Hello Readers, Are you a programmer like me, who have who have mastered SQL over the years and then ventured into the world of Python?? As per the TIOBE (The Importance Of Being Earnest ) and PYPL (PopularitY of Programming Language Index), Python is ranked as #1 most popular programming language based on the number of skilled engineers world-wide, courses and third party vendors and how often language tutorials are searched on Google.

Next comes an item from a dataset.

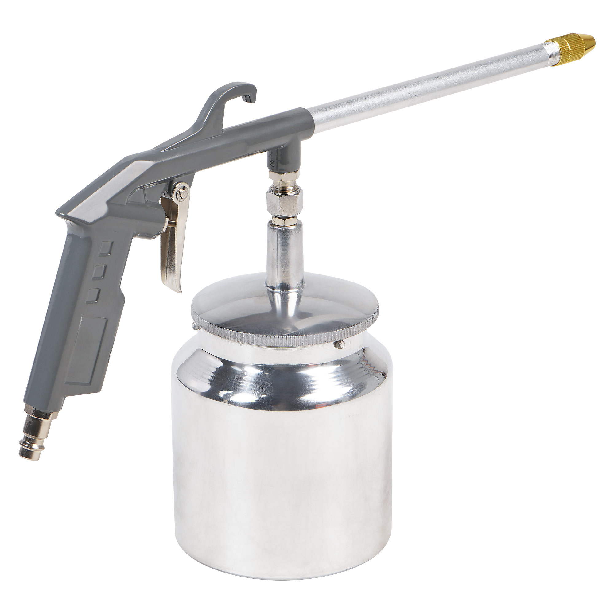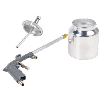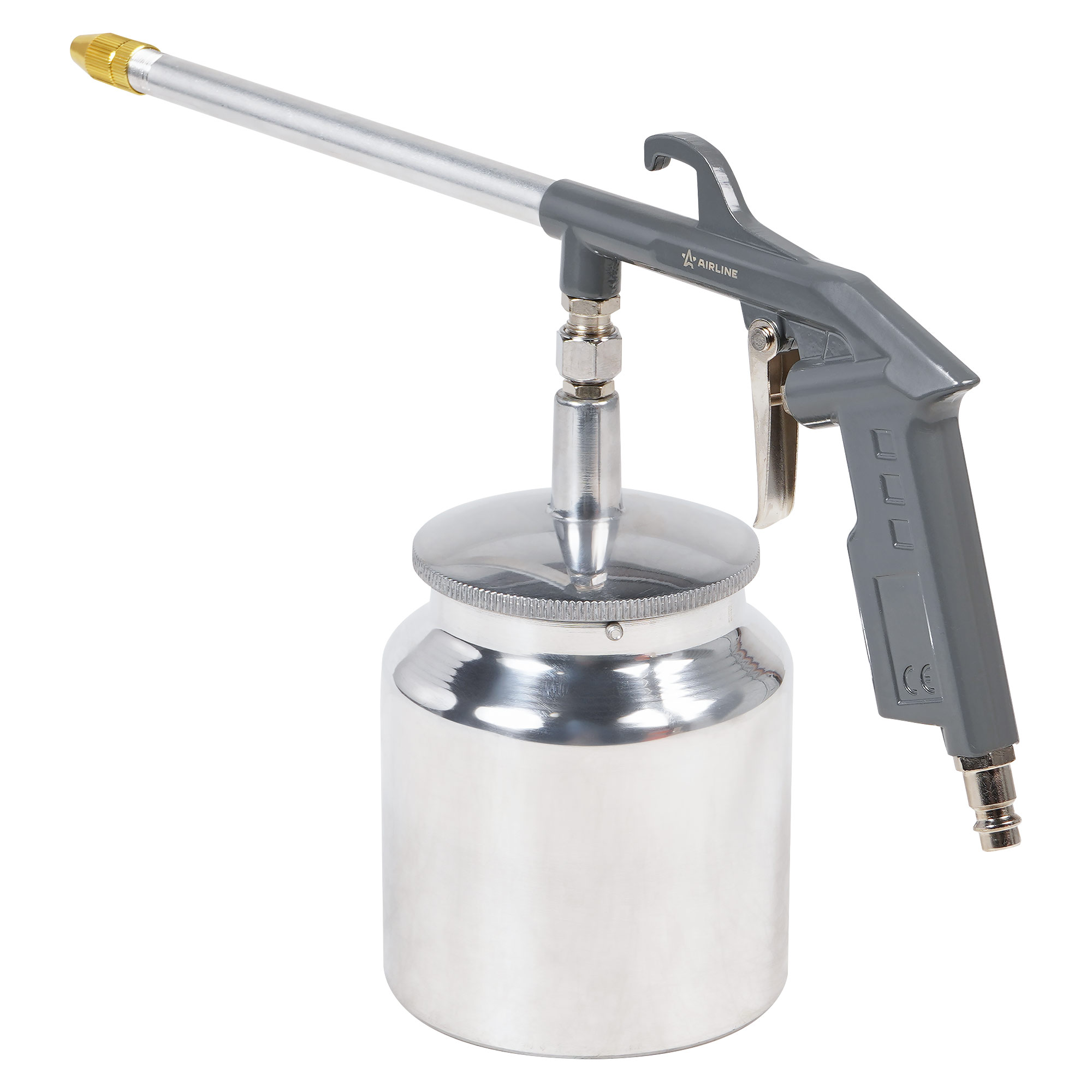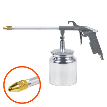 Пистолет изготовлен из металла. Имеет быстросъёмный бачок для распыляемого состава с байонетным присоединением.

TIOBE Index report https://www.tiobe.com/tiobe-index/
While I have been a VBA/SQL guy 🧰 for over a decade and I used to resist learning Python, the industry trends and data science boom pulled me like a black hole. Once you get in, there is no way out! In the end, I fell in love 💖 with Python but at the same time I could never underestimate the power of VBA and SQL for data analytics and data science. One of the initial challenges programmers like me face are why should I relearn techniques in Python when I already know how to do the same by SQL. Some practitioners may get some help from Python libraries like sqlite or pandasql but honestly, you will see that at times they are hard to implement and increases the complexity level. As a result, you realize if there was an easy way out to just learn and convert your SQL commands to Python.
Relax, I have got you covered! Here is a Top 25 SQL commands to Python Cheat Sheet ✍️which has been guaranteed and tested OK by me. You can easily learn and convert your most common SQL commands (JOINS, UPDATE, REPLACE) to Python by leveraging this cheat sheet. If you wish, you can also download the sample raw data files and scripts used for the learning, validation and demonstration purposes.
Press Ctrl + D to Bookmark this page” for references”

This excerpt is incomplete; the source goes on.